§ DATA FOR ANALYSIS:
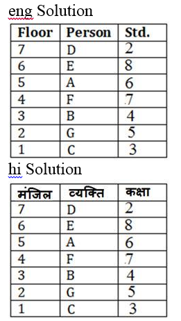 सात व्यक्ति A, B, C, D, E, F, और G सात अलग-अलग मंजिल की इमारत में रह रहे हैं, ऐसे में भूतल को 1 और शीर्ष मंजिल को 7 के रूप में गिना जाता है। प्रत्येक व्यक्ति अलग-अलग कक्षा 2वें, 3वें, 4वें, 5वें, 6वें, 7 वें और 8वें में अध्ययन करते हैं लेकिन जरूरी नहीं कि इसी क्रम में हों।
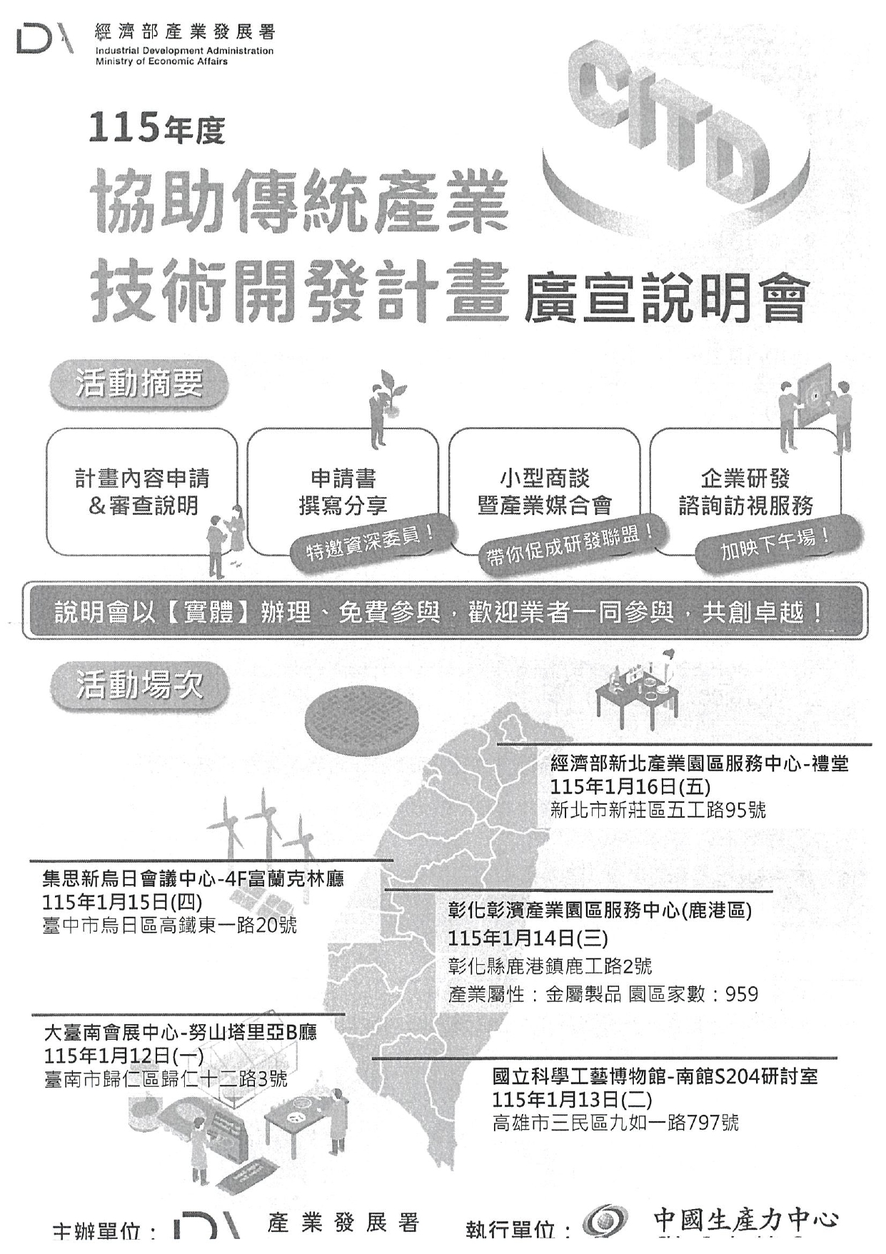 轉知經濟部產業發展署公告受理115年度「協助傳統產業技術開發計畫」(以下簡稱本計畫)個案計畫補助申請之計畫申請說明會相關訊息,惠請貴單位轉知相關承辦單位或廠商,請查照。
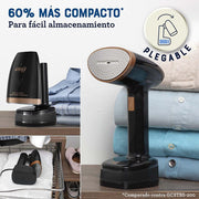 El Vaporizador de prendas de mano plegable Oster refresca convenientemente la ropa, obteniendo óptimos resultados de forma fácil y rápida.
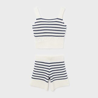-50%CONJ. SHORT TRICOT 023 CREMA-MARINO
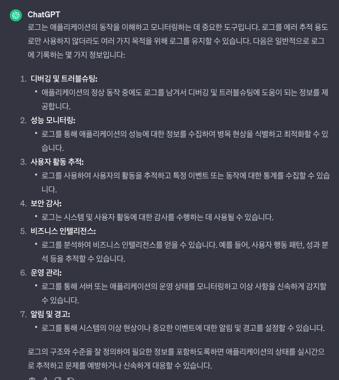 - 로그의 정확한 필터링이 필요함
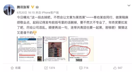 腾讯则在6月20日前就表现要深挖黑公关的意愿。腾讯公司创始人马化腾在朋友圈表示,“若不是这个纰漏,很多人没有意识到黑公关是多么猖獗。近两个月突然爆发,本想一贯佛系忍忍就算了,但是时候挖根源了。”
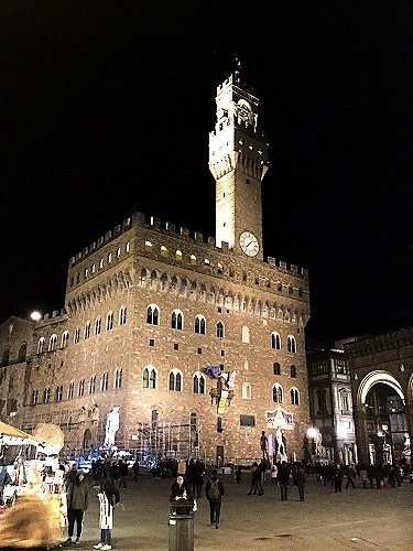 ちょっと足を延ばして、シニョーリア広場のベッキオ宮殿のライトアップも撮って...
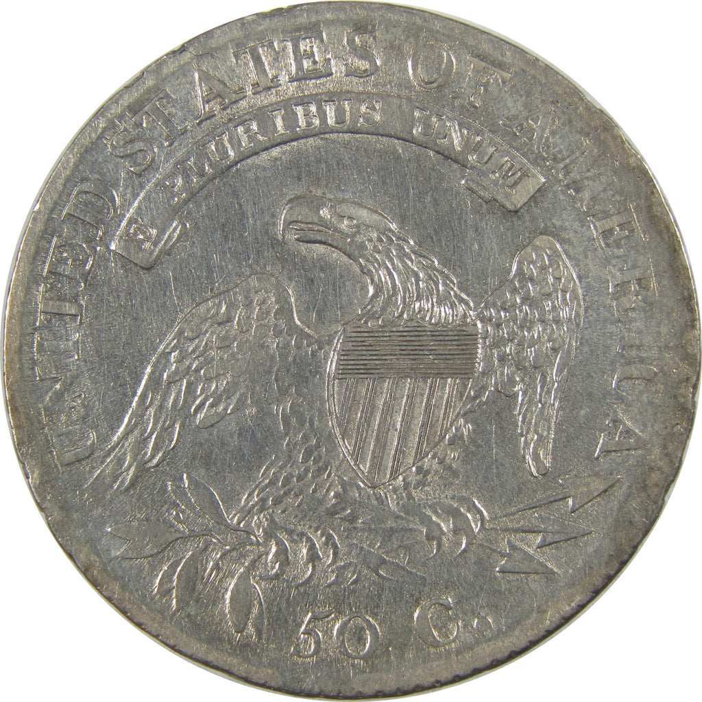 Struck over 180 years ago, this 89% silver Capped Bust half dollar bears John Reich's classic design. It depicts Liberty with long, curling hair and a cloth cap, surrounded by 13 stars and the date. The reverse shows an American eagle with Union Shield, an olive branch and three arrows. A banner above the eagle reads E PLURIBUS UNUM, with 50 c. below and UNITED STATES OF AMERICA surrounding. Inscribed along the coin's edge is FIFTY CENTS or HALF A DOLLAR.
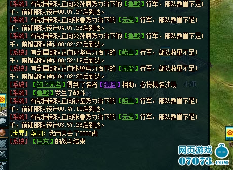 在玩游戏的时候常常有人说《千军破》是《三十六计》的升级版,可以说《千军破》游戏的战争系统采用了非常强大的军团作战机制,个人的能力在战场上起到的作用并不大,越到游戏的后期越需要玩家们共同进退,游戏中经历了短暂的攻占系统城池以后,就是玩家与玩家之间的对抗,团结一心的势力最终才能走向胜利,当玩家们可以统一时间攻打城池的时候,那么不管有多少人都是可以进入同一战场的,所以需要玩家们精确的计算好时间,最方便的是不管哪里发生战斗,系统都会公布出来,玩家只需点击城池名称就可以看到战场的位置和战斗的情况。
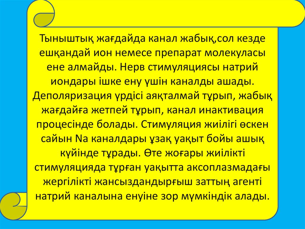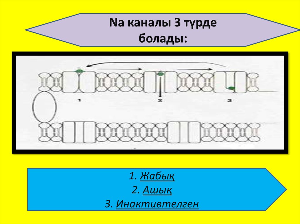 Тыныштық жағдайда канал жабық,сол кездеешқандай ион немесе препарат молекуласы
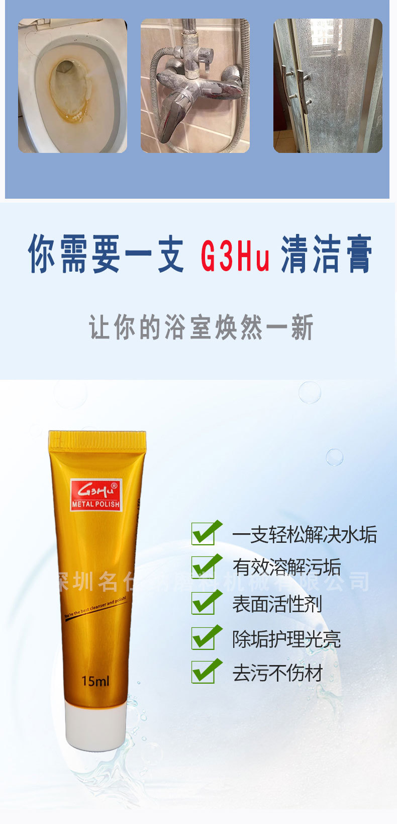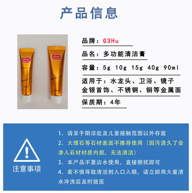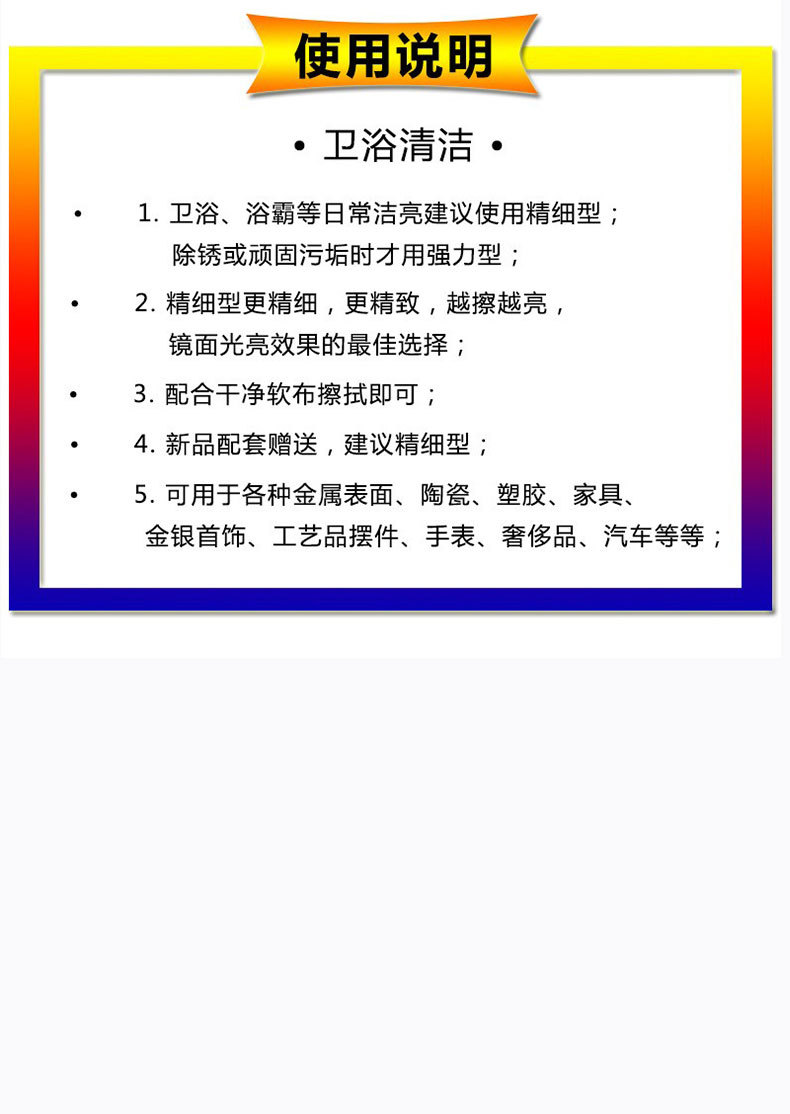 스테인리스 세척제, 가정용 금속 광택제, 화상자국 및 검은때 세척제, 광택 및 녹 제거제, 얼룩 제거제

§ YOUR TASK:
Range to copy from the records above: the line containing "- 로그의 정확한 필터링이 필요함" to the line containing "ちょっと足を延ばして、シニョ", both included. Output those lines exactly and only those, skipping pictures.

§ SOLUTION TO THE EXERCISE:
 - 로그의 정확한 필터링이 필요함
 腾讯则在6月20日前就表现要深挖黑公关的意愿。腾讯公司创始人马化腾在朋友圈表示,“若不是这个纰漏,很多人没有意识到黑公关是多么猖獗。近两个月突然爆发,本想一贯佛系忍忍就算了,但是时候挖根源了。”
 ちょっと足を延ばして、シニョーリア広場のベッキオ宮殿のライトアップも撮って...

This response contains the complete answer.